* **Task inputs**
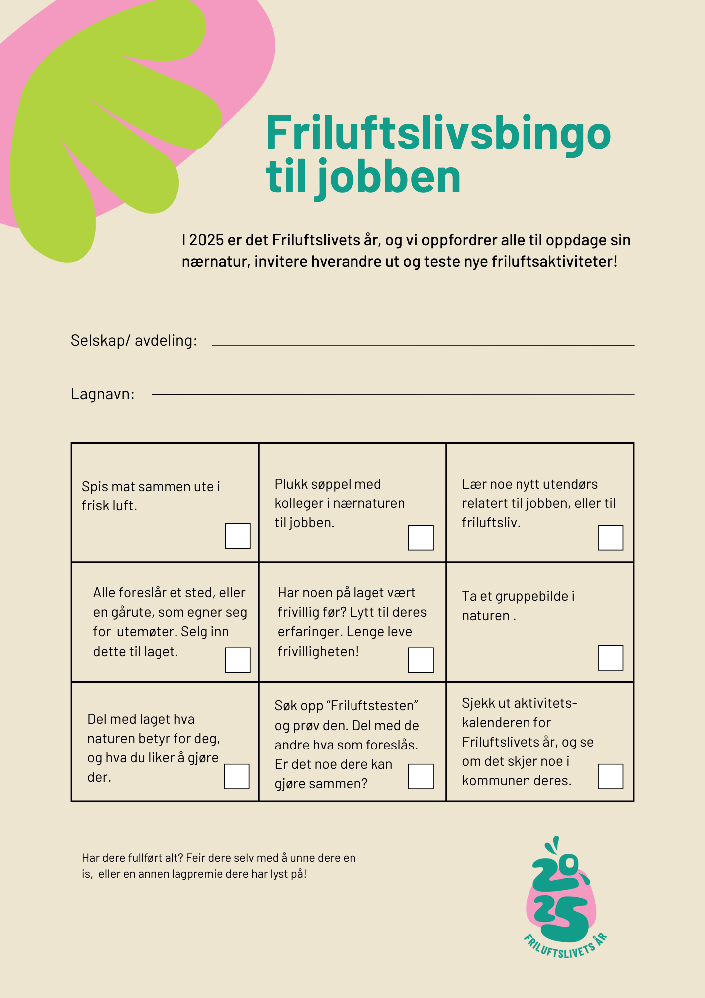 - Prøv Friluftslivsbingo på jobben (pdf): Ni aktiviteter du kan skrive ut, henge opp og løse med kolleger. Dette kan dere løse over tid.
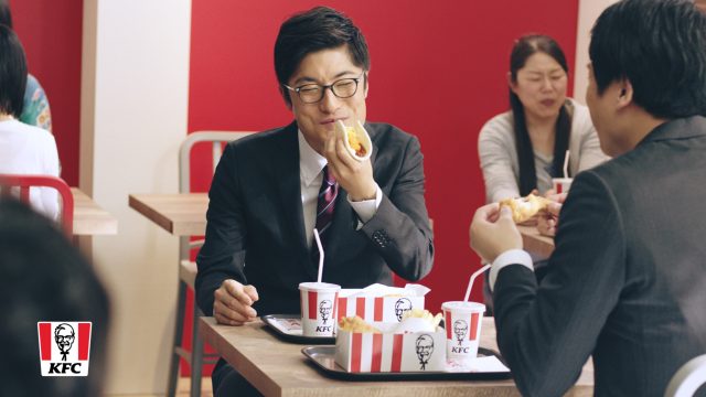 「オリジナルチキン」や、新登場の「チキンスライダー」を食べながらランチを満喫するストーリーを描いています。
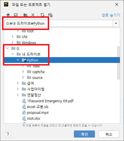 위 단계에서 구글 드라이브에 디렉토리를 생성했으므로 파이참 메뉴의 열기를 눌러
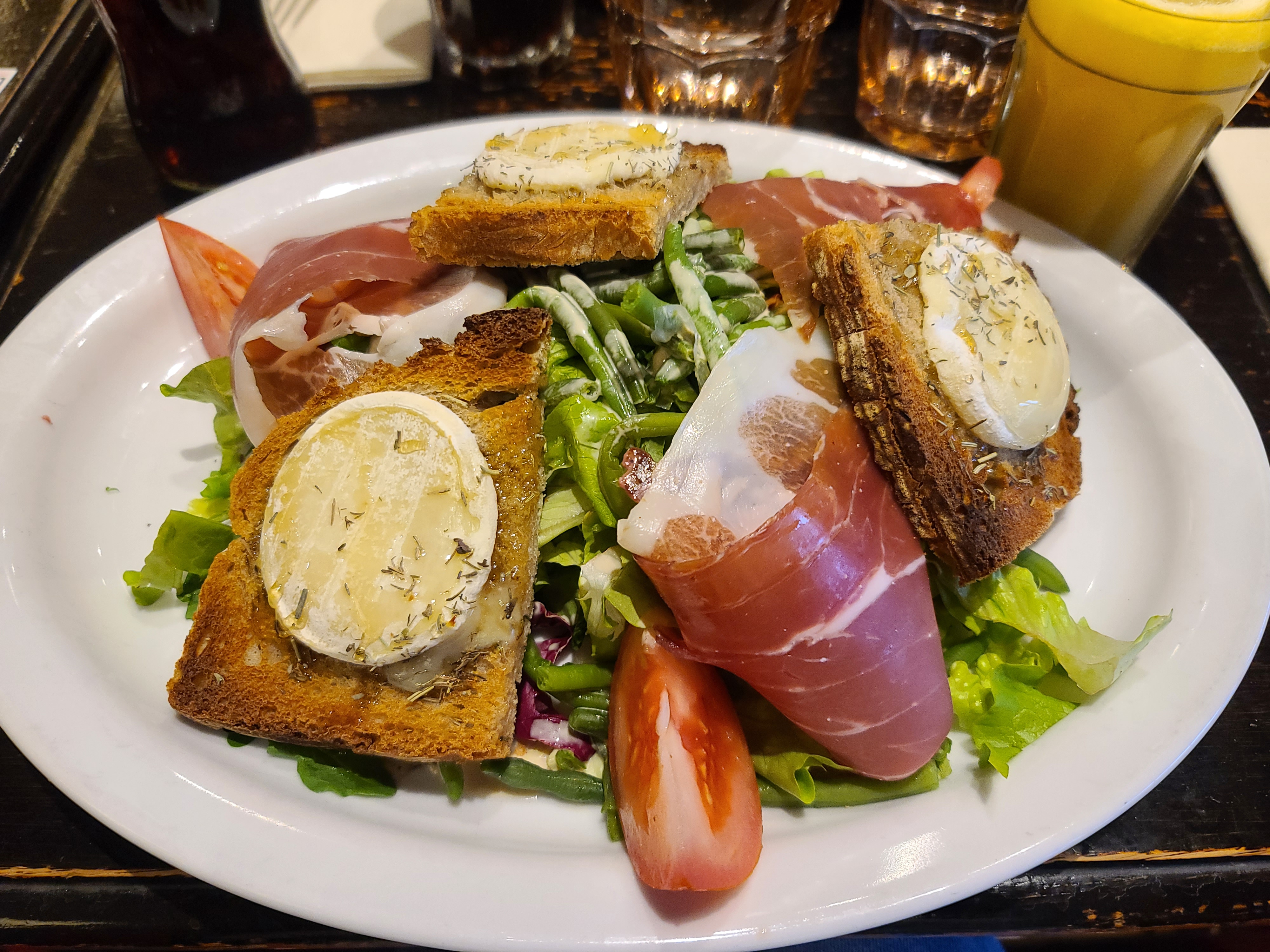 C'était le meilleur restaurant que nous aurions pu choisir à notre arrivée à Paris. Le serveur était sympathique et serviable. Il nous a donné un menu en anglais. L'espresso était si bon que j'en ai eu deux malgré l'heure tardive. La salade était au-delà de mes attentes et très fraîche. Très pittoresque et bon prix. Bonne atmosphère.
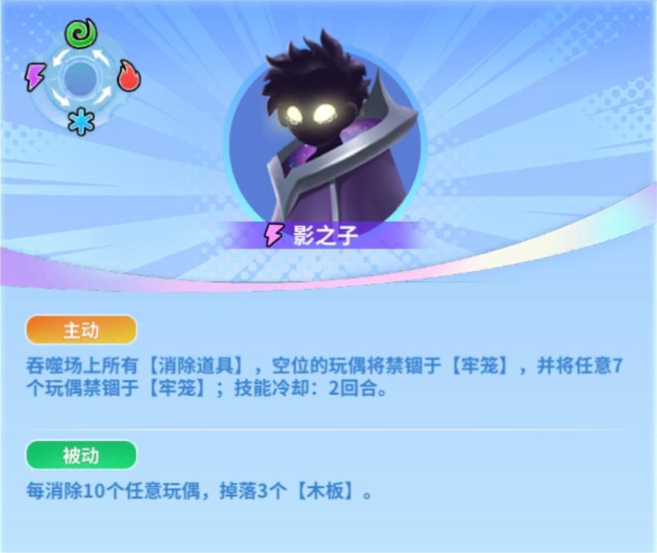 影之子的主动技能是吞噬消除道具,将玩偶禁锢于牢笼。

==

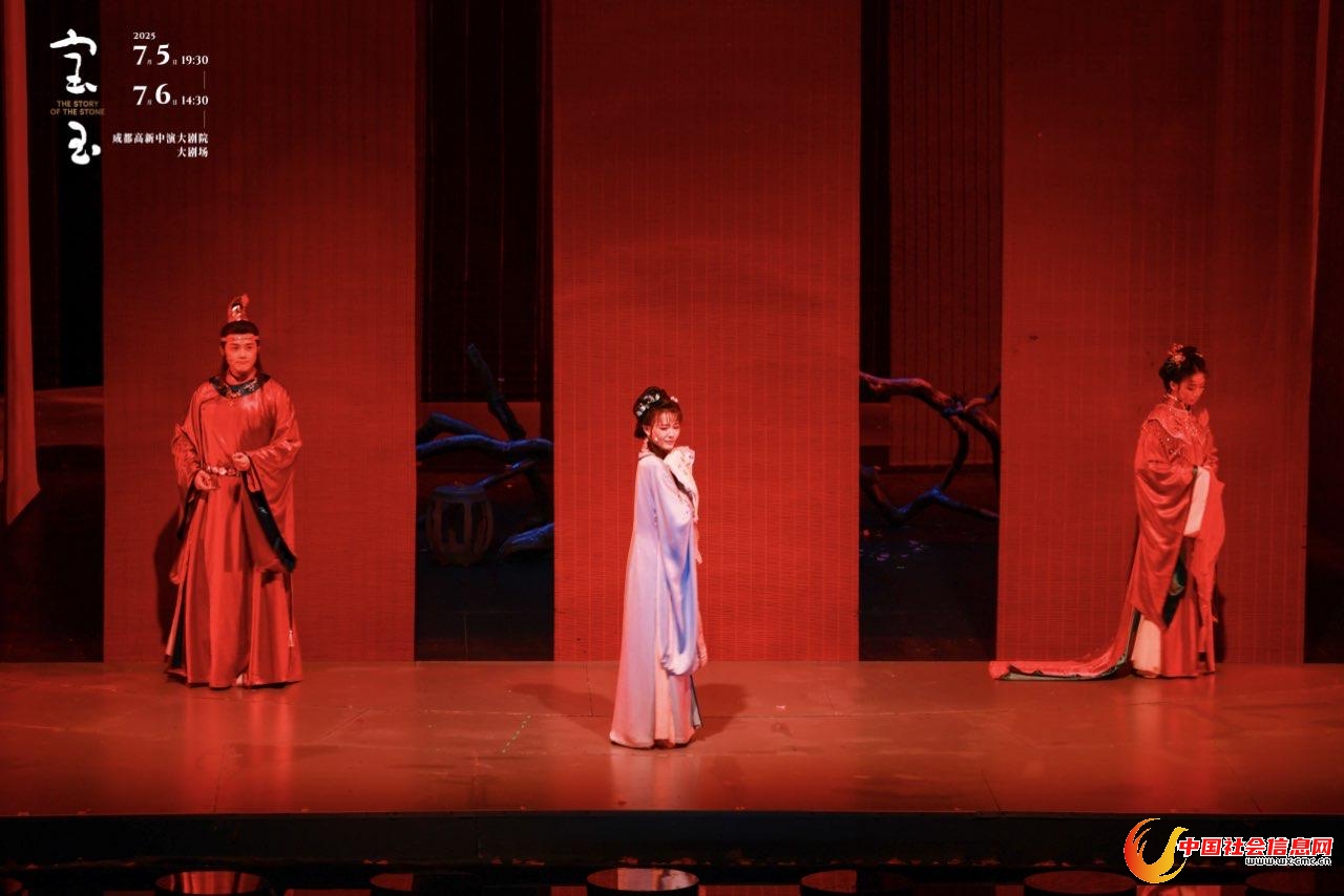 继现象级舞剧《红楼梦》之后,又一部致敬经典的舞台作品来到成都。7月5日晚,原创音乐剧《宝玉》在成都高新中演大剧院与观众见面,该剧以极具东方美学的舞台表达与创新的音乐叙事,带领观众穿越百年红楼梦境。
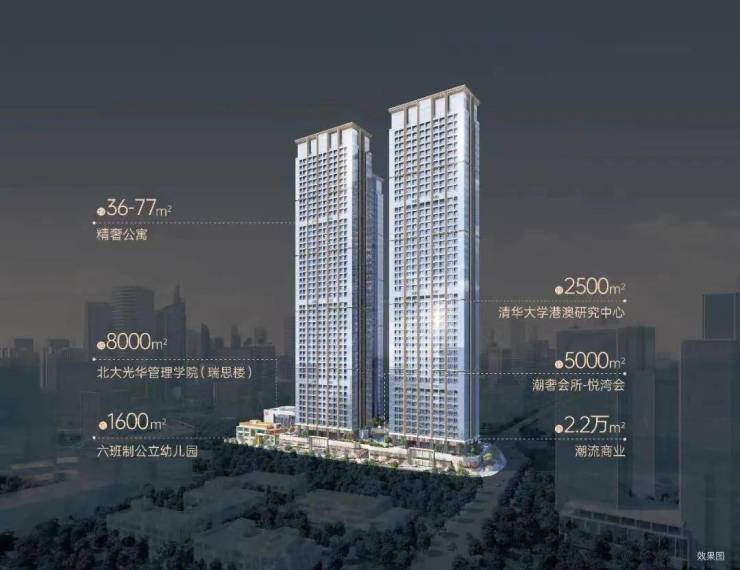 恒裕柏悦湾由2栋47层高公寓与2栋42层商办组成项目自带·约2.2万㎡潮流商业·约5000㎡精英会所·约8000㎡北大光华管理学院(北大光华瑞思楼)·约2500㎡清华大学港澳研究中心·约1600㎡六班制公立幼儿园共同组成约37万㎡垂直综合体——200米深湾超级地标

* **Task directions**
In the listing above, find the line with "C'était le meilleur" and the line with "影之子的主动技能是吞噬消除道具,将玩偶禁锢于牢笼。". Copy both of them and every line between, exactly, but not the pictures.

* **Exercise response**
 C'était le meilleur restaurant que nous aurions pu choisir à notre arrivée à Paris. Le serveur était sympathique et serviable. Il nous a donné un menu en anglais. L'espresso était si bon que j'en ai eu deux malgré l'heure tardive. La salade était au-delà de mes attentes et très fraîche. Très pittoresque et bon prix. Bonne atmosphère.
 影之子的主动技能是吞噬消除道具,将玩偶禁锢于牢笼。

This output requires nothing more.